## [ACTIVITY]
Pictures are to be dropped, and only the lines from the one containing "690-6315-00-0190 części zamienne" through the end of the data below are to be reproduced as written.

## [INPUT DATA]
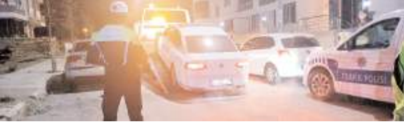
Araç polis ekiplerince çekici ile otoparka çekildi.

Çorum'da 16 yaşındaki ehliyetsiz sürücüye 62 bin 604 lira para cezası kesildi.
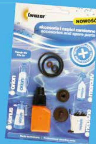
690-6315-00-0190 części zamienne Venus Venus service set сервисный набор Venus
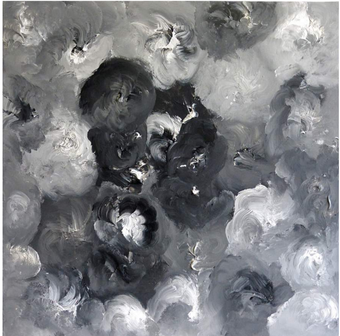
Tanzende Pinsel Schwarz-Grau-Weiß 80 x 80 cm Acryl auf Leinwand

## [TASK SOLUTION]
690-6315-00-0190 części zamienne Venus Venus service set сервисный набор Venus
Tanzende Pinsel Schwarz-Grau-Weiß 80 x 80 cm Acryl auf Leinwand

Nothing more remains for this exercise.